2014 aura apporté son lot de confirmations boursières (les Etats-Unis galopent plus vite que l’Europe) mais aussi son lot de surprises : le rouble perd la moitié de sa valeur quand  les actions cotées à Shanghai s’envolent de +58% en un an. Plus proche de nous, la spectaculaire progression des obligations d’Etat allemandes (+12% en un an) est également à ranger parmi les surprises 2014. 

A l’heure des prévisions, on pourrait se poser une question naïve : ces obligations allemandes, championnes de la performance, peuvent-elles faire aussi bien en 2015 qu’en 2014 ?

Les questions simples appellent souvent des réponses élaborées, et celle qui nous occupe n’échappe pas à la règle. Avec un taux de rendement actuariel des emprunts d’Etat allemands de 0,5%, une autre façon de formuler la question évoquée est de se demander quel sera leur rendement actuariel à fin 2015 si ceux-ci gagnent à nouveau 12% cette année.

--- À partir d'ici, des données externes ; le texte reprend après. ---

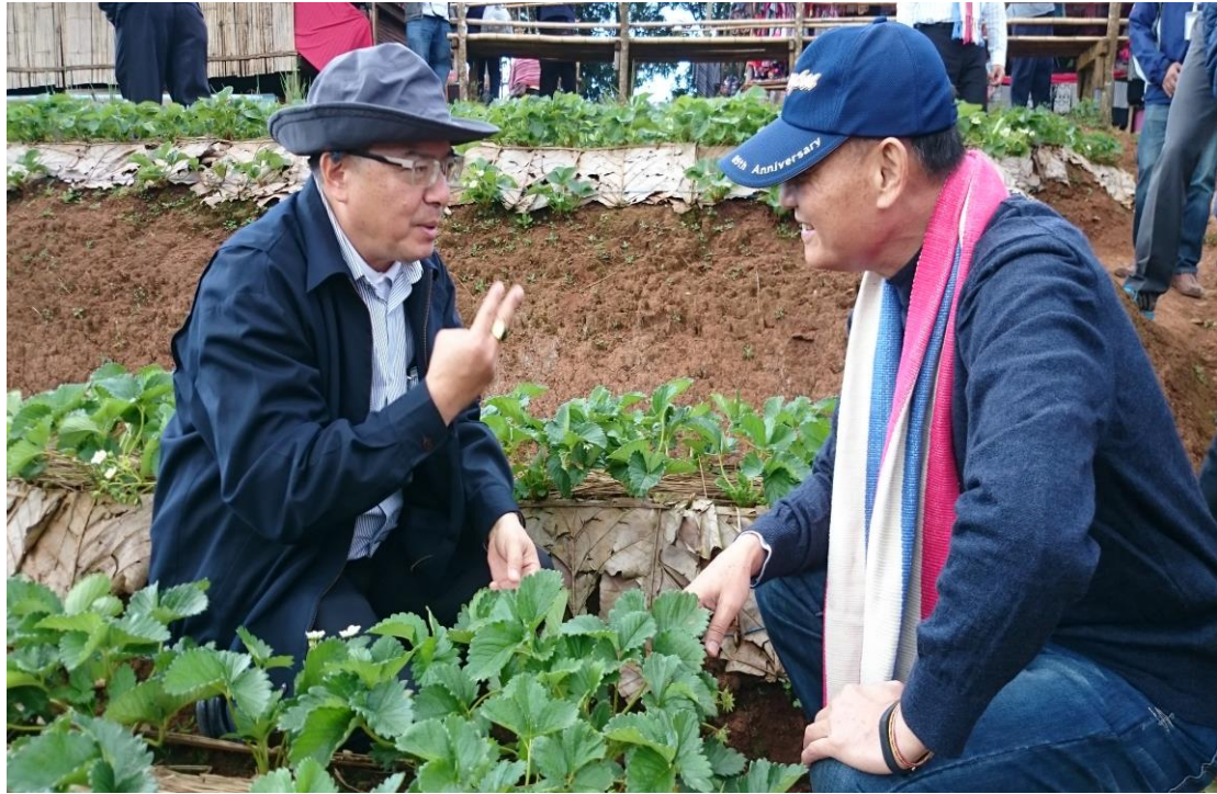
李主任委員聽取泰方草莓專家說明新品種草莓摘種情形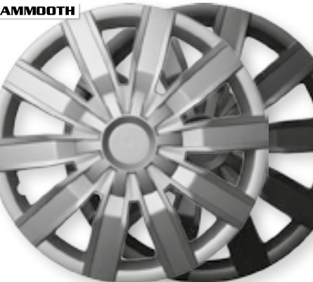
VOLARE, VOLARE BLACK MMT A112 2044, 2044B 14" 15" 16" 16"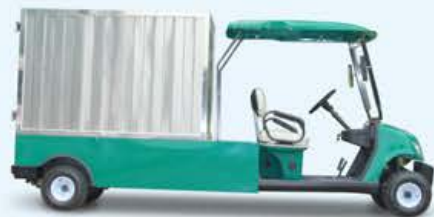
多功能车 | LQF065 Utility Car

La réponse variera sans doute d’un modèle de valorisation à l’autre mais avec une constante : le chiffre sera précédé du signe moins. Si les obligations allemandes connaissent la même progression en 2015, leur rendement actuariel atteindra -0,7% environ. Ce résultat est absurde : qui voudra placer de l’argent à 10 ans pour s’assurer un rendement négatif ? On en conclura donc logiquement que les obligations atteindront, au mieux, le cours correspondant à un taux de rendement actuariel nul. Un tel raisonnement conduit à un résultat plus acceptable avec une progression possible des emprunts à 10 ans allemands pour 2015 de 5% au maximum.

La satisfaction intellectuelle qu’apporte ce chiffre est de courte durée : en étudiant la courbe des taux dans son ensemble on constate aujourd’hui que les taux allemands sont déjà négatifs jusqu’à 5 ans. Le placement à long / moyen terme négatif est peut-être une absurdité mais il est pourtant largement répandu dans les faits. A la question naïve évoquée dans l’introduction, la réponse serait plutôt : oui, une progression des obligations allemandes aussi spectaculaire qu’en 2014 est encore possible en 2015. Cela impliquera « simplement » que l’on passe en territoire de taux longs négatifs.

« En Bourse, on sous-estime toujours l’ampleur des mouvements ». La performance du marché obligataire allemand est une belle illustration de ce vieux dicton boursier…

Que le lecteur se rassure : nous avons d’autres idées d’investissement pour 2015 que celle consistant à acheter ces emprunts d’Outre-Rhin ! Nous ne nous positionnerons pas sur la poursuite du mouvement et une éventuelle arrivée des taux à 10 ans en territoire négatif. Néanmoins l’environnement de taux « quasi nuls » en Europe (qu’importe leur signe !) est une réalité bien installée dans l’esprit des investisseurs. Pour battre cette stratégie passive en 2015, il nous faudra plus d’imagination et sans doute plus de prise de risques. Cette réalité passera aussi par la recherche de métiers à forte génération de liquidités… et surtout par l’acceptation d’un surcroît de volatilité, contrepartie inéluctable d’une rémunération potentielle significativement positive.